Introduction Obliterative bronchiolitis (OB) is a rare form of chronic obstructive lung disease that follows a severe insult to the lower respiratory tract, resulting in fibrosis of the small airways. In the non-transplant paediatric population, adenovirus infection is the most common cause. The initial infective insult occurs in the early years and the diagnosis requires a history of acute severe bronchiolitis/viral pneumonia in previously healthy children in the first 3 years of life. Though there has been a case report of post-infectious OB in an adult female,1 to our knowledge, there are no published cases in children acquired after 3 years of age.

Aim We describe two previously healthy older boys with normal immunological investigations who developed post-infectious OB.
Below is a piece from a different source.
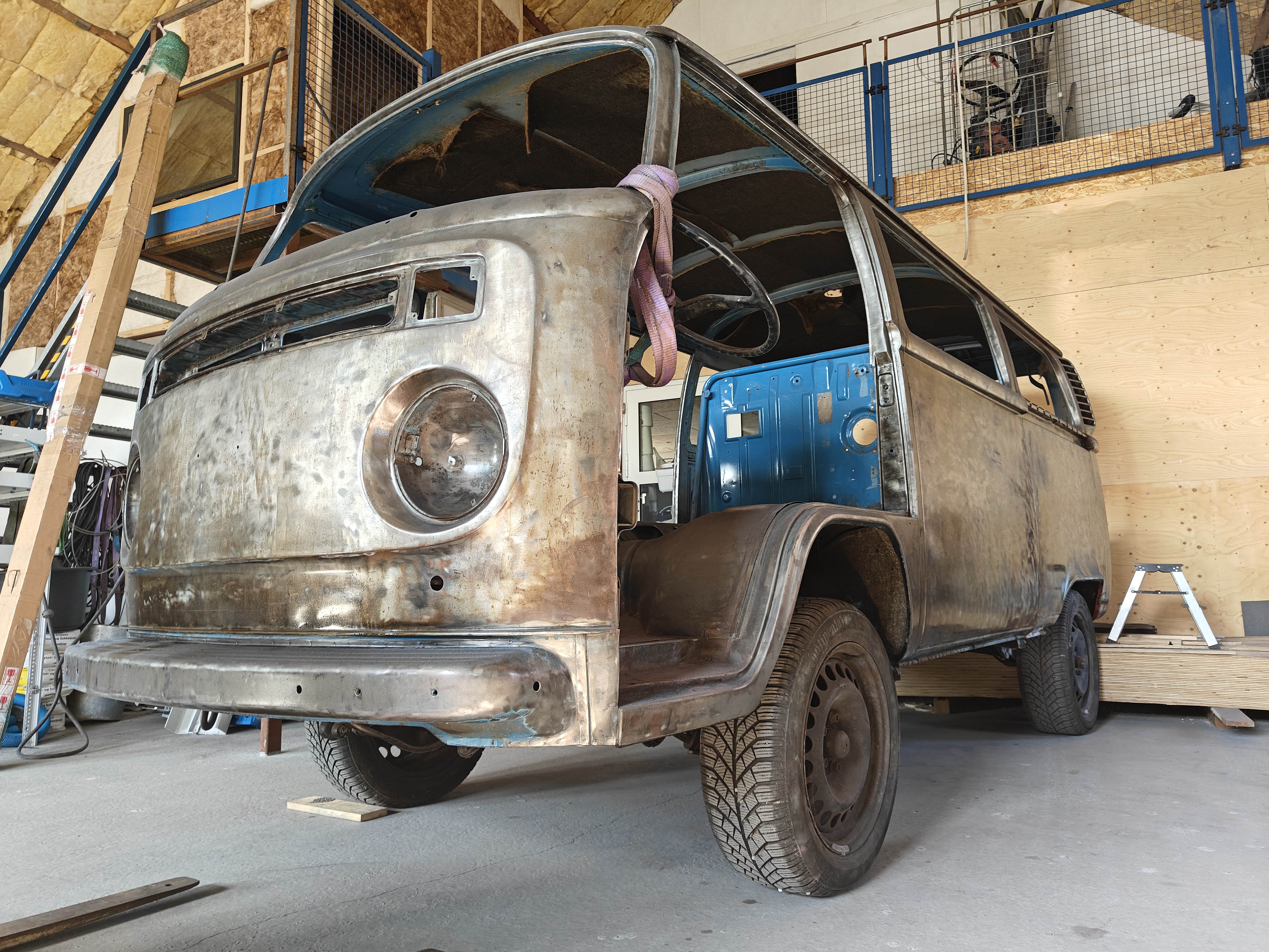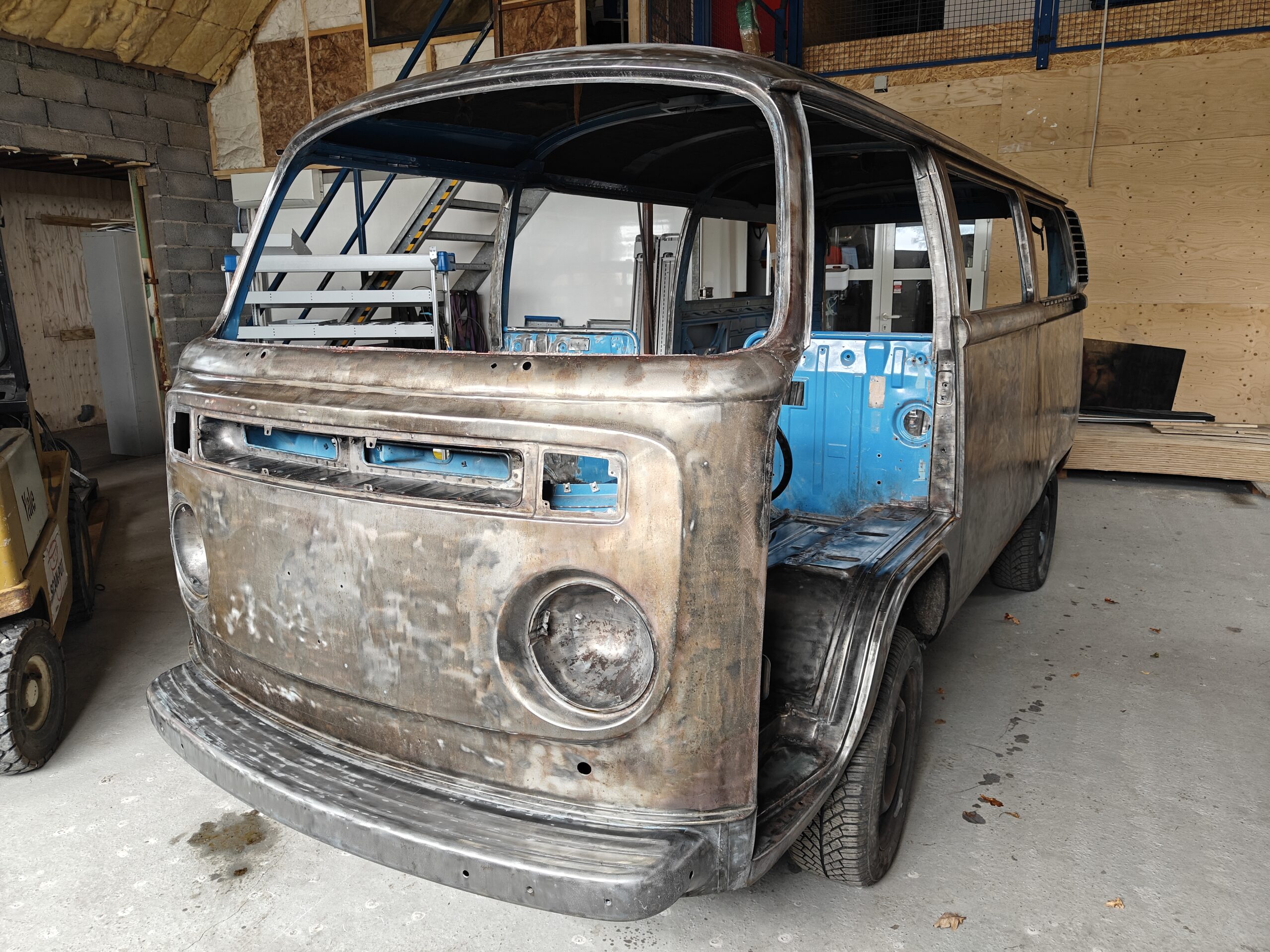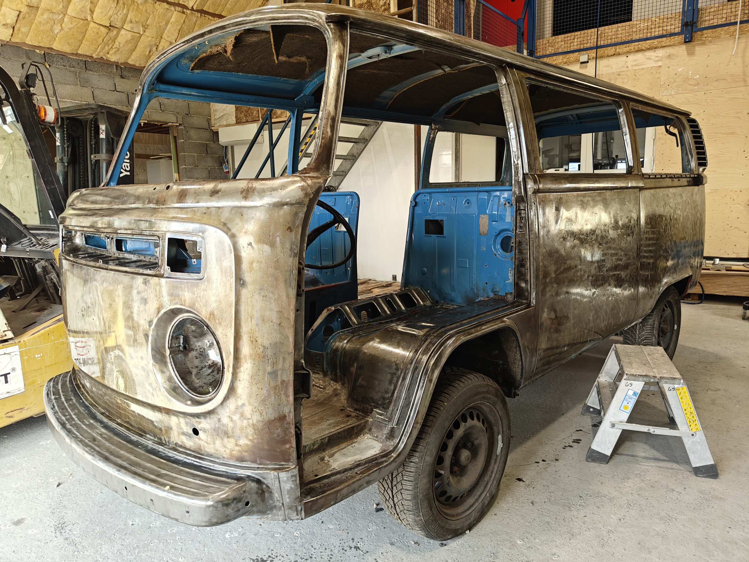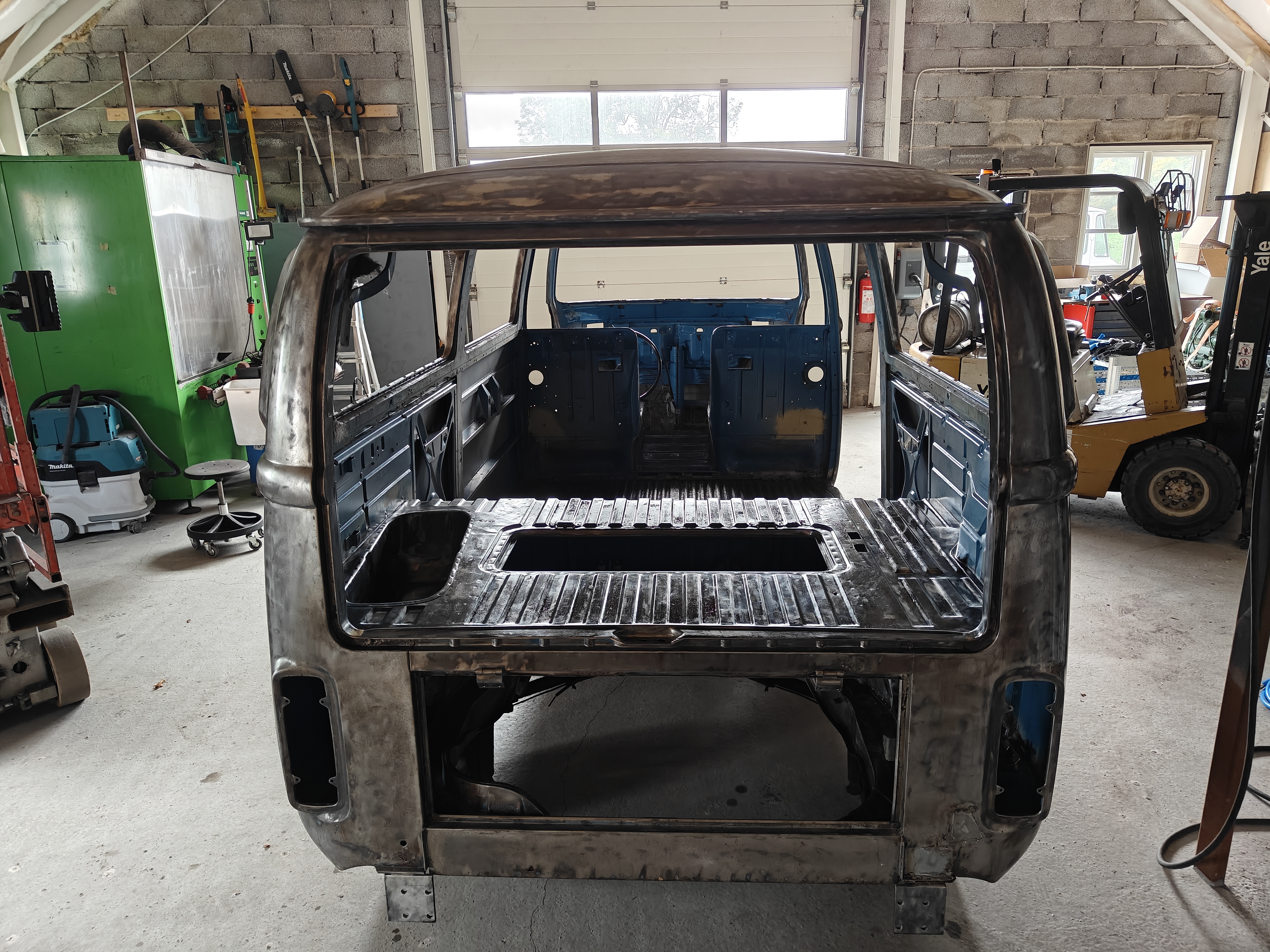 Resultatet er en VW T2, der igen står med et solidt fundament – fri for flyverust og med et motorrum, som nu er klar til renovering.

Cases The first patient had severe adenovirus pneumonia aged 7, requiring ventilation, oxygen and bronchodilator therapy. In view of atopic background (nut allergy and paternal asthma) inhaled corticosteroids were initiated at discharge. A year later he presented with productive cough, debilitating shortness of breath on exertion, moderately reduced PEFR but no wheeze. He did not respond to Amoxicillin or step-up asthma treatments. CXR and exercise test were normal and pulmonary function tests (PFT) did not show evidence of reversibility. A mixed growth of typical respiratory pathogens were isolated in sputum and treated with prolonged oral antibiotic course. High resolution chest CT (HRCT) showed air trapping in the right upper lobe consistent with OB.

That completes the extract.